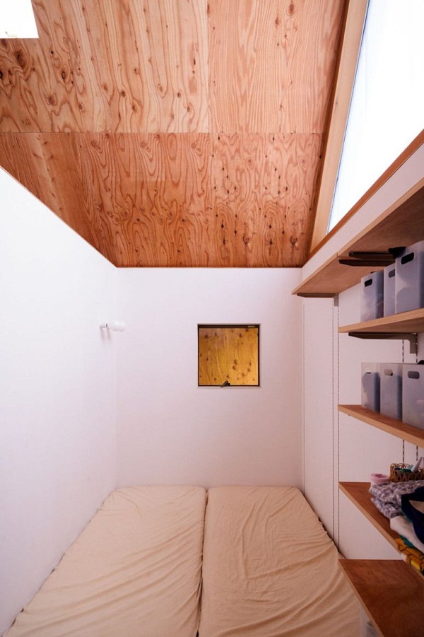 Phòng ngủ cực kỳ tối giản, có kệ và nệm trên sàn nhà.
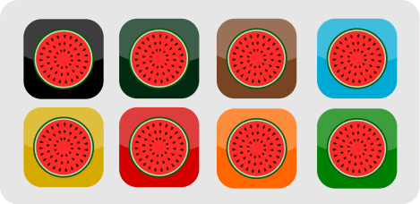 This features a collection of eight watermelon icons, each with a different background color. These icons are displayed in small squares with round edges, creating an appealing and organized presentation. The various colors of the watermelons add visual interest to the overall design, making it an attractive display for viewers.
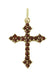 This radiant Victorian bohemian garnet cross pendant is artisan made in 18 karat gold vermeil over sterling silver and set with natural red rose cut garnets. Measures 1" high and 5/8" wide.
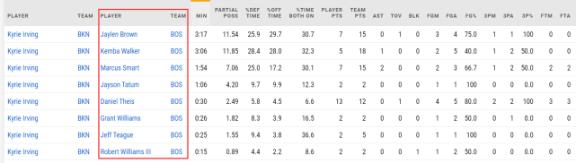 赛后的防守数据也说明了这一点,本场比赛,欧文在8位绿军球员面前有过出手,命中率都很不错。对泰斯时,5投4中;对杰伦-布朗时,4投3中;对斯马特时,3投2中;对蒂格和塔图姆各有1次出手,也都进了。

* * *

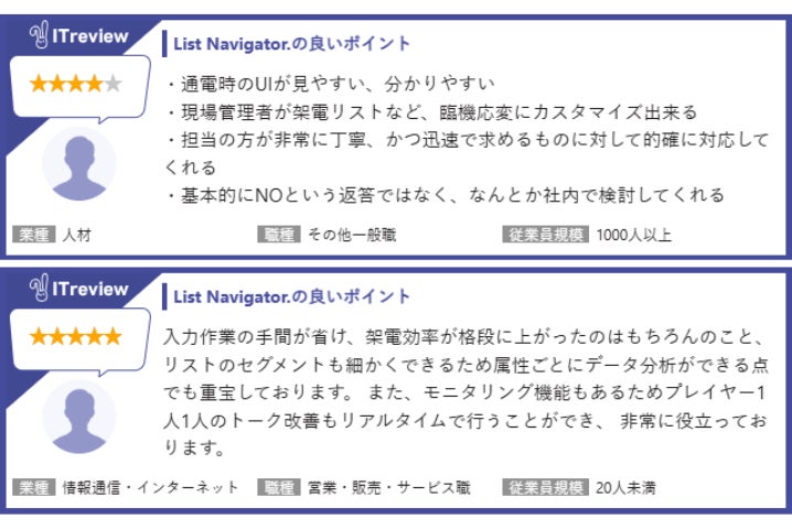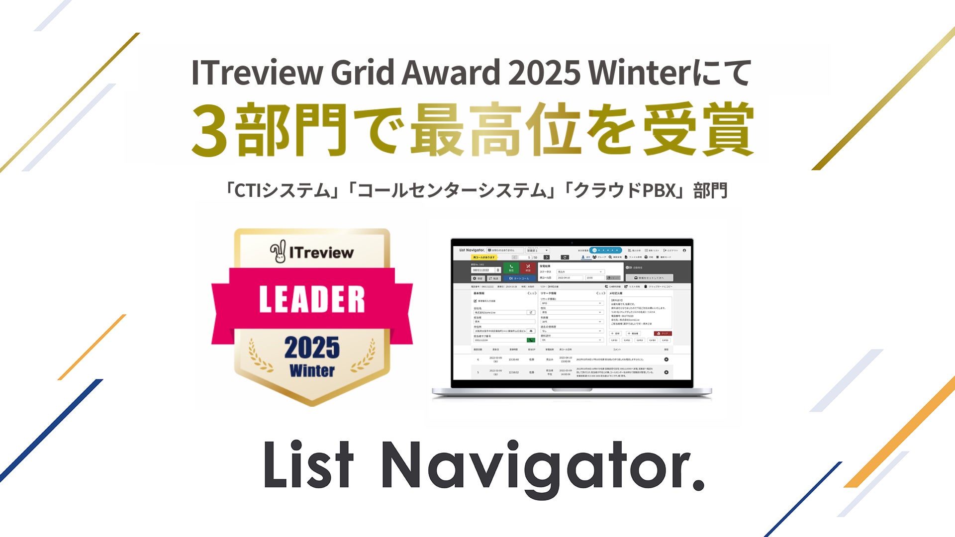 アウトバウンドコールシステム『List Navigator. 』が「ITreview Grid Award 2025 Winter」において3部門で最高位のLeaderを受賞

ASSIGNED TASK:
Although the records above contain pictures, the copy should not; retype exactly the lines from the one containing "Phòng ngủ cực" through the one containing "This features a".

EXERCISE RESULT:
 Phòng ngủ cực kỳ tối giản, có kệ và nệm trên sàn nhà.
 This features a collection of eight watermelon icons, each with a different background color. These icons are displayed in small squares with round edges, creating an appealing and organized presentation. The various colors of the watermelons add visual interest to the overall design, making it an attractive display for viewers.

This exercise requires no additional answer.